‘A fart came out of my mouth’ and other gems from a 3-year-old

Fart Came Out Of My Mouth

If you’ve been following my blog posts about Little Man’s developing vocabulary, you would know by now that some of the stuff that comes out of his mouth is exhilaratingly funny (as is the case with most toddlers). If this is the first post you chanced upon regarding this subject, you can catch up on all the laughs here – A is for Aaaaapa… and other toddlerisms and here – Threen-speak: Minding that language.

Now, over to the third installment. Of course Little Man is now talking like a grown-up (most of the time), using full (mostly meaningful and grammatically correct) sentences. He’s learned SO MANY new words, it stumps me sometimes when he talks. But nowadays, his lingo has a lining of sarcasm (unknown to him, of course) and oodles of attitude (again, unknown to him) attached to it. Which, when coming out of his mouth, sounds earth-shatteringly cute!


Fart Came Out Of My Mouth


*When I tell him to come for a short nap, because he’s been awake since 6.15 am and it’s now well past 2 in the afternoon* – “No, I don’t have time for it!”
Yes child, in the three plus years of mothering you, I’ve gathered sleep isn’t your best friend but you don’t have time for it??? Really?!

“I’m busy right now, I can’t talk”
*When daddy calls from the office to tell him he’s missing him and that he will be home soon*
Busy doing what, may I ask?
“I’m catching the bad guys” (says with either his policeman helmet or his Spiderman cape and mask on)


Sorry for the ‘shitty’ title (pun intended) but living with a little boy makes you talk about shit and farts and the like with ease.
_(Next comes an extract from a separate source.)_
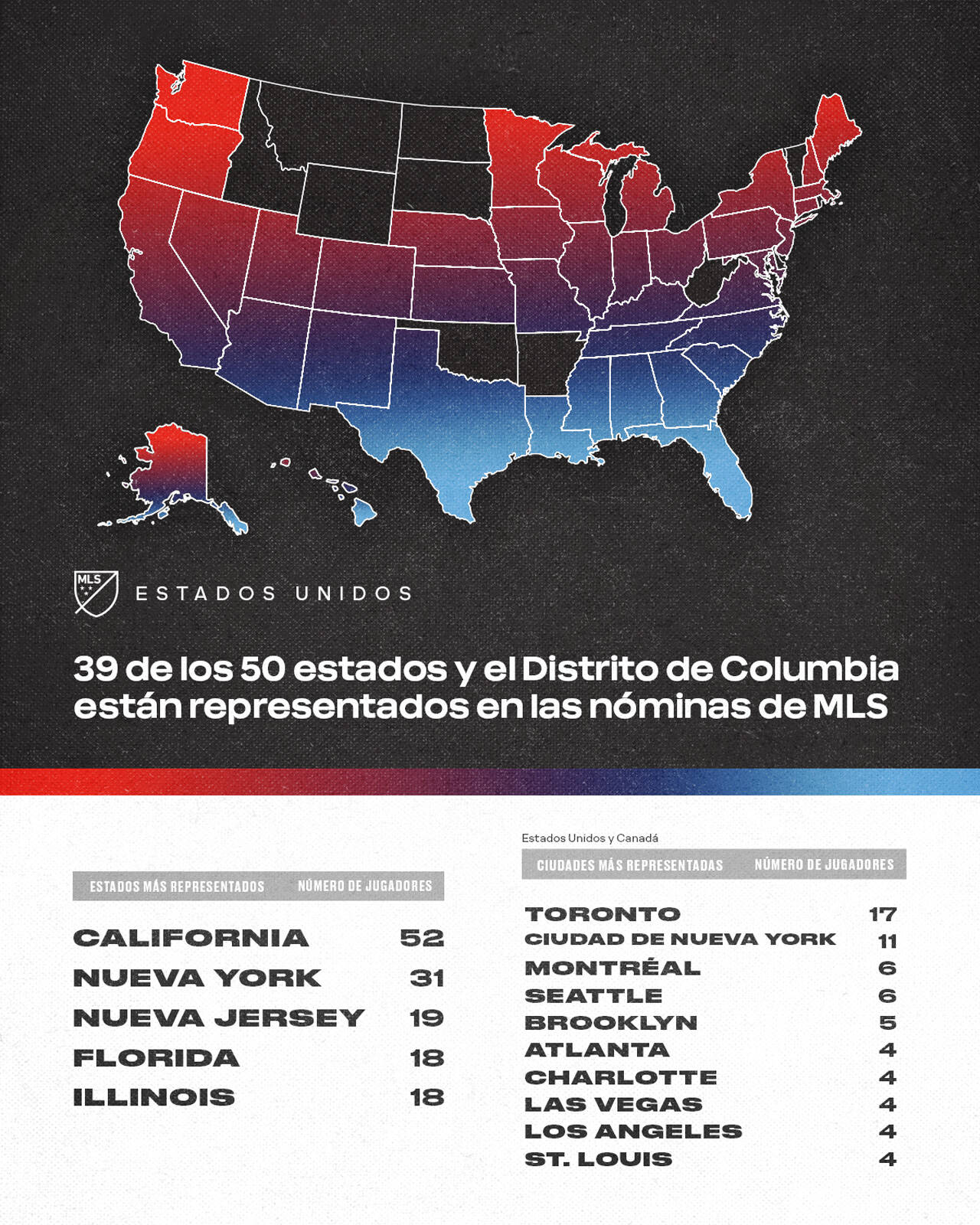 - Liderados por 52 jugadores nacidos en el estado de California, 39 de los 50 de Estados Unidos y el Distrito de Columbia están representados en las nóminas de la MLS. Después de California está el estado de Nueva York, que cuenta con 31 jugadores en MLS, con Nueva Jersey (19), Florida (18) e Illinois (18) completando los cinco primeros. Doce estados cuentan con 10 o más jugadores en las nóminas de la MLS.

As you might have guessed, there is no dearth of shit stories in my house…
Fresh from being potty-trained and doing his big job in the loo, Little Man asks me in all seriousness (after being sat on the loo for a good 10 minutes or more) – “Mummy, can I do LOTS of potty?”
Yes dear, there is no limit and no quota. Let it go… (sorry, another ‘crap’py pun).
Another revelation from when on the loo – “Mummy, my potty doesn’t have a very nice smell”
I KNOW. I’ve been changing your nappies since day 1…
This was another gem he came up with, when trying hard to do a poo – “My potty’s not listening to me, it doesn’t want to come out.”
And saving the best for last – “A fart came out of my mouth” – when he let out a big burp. C’mon, you gotta chuckle at this one;)


Little Man has always had a fascination with garbage trucks (I’ve had to watch garbage trucks load garbage on many occasions), and the other day whilst we were walking past one, he announces: “When I grow up, I want to be a garbage man…” That’s it kiddo, aim for the stars (or the dumpster?!). And here your father and I are going nuts looking for a house next to an outstanding or good school!



Remember that week of gorgeous weather we had last month? When everyone rejoiced that Spring was finally here (although it did feel like summer at 27 degrees!). So we were in the park on that lovely hot sunshining day and as Brits have a tendency to do when the sun is shining, a man a few feet away from us started stripping right to his undies. As Little Man watched him undo his layers, he asked me: “Mummy, why is that man having a bath in the park?”


Whenever Little Man repeats a mistake after apologising (which is almost every night, when he drives me nuts before bedtime, then tells me he’s sorry whilst we’re cuddling in bed, only to repeat the following night), I tell him that there’s no point in saying sorry if he doesn’t mean it.

So one day as I was strapping him into his car-seat, I was singing the Teenage Mutant Ninja Turtle song (yeah, weird I know, but that’s my life now, along with the Paw Patrol theme song) and Little Man asks me: “Why are you singing that?”
Me: “Just like that. I felt like it”
Little Man: “No, you can only sing it when the TV is on”
Me: “Alright, I’m sorry”
Little Man: “There’s no point in saying sorry!!!”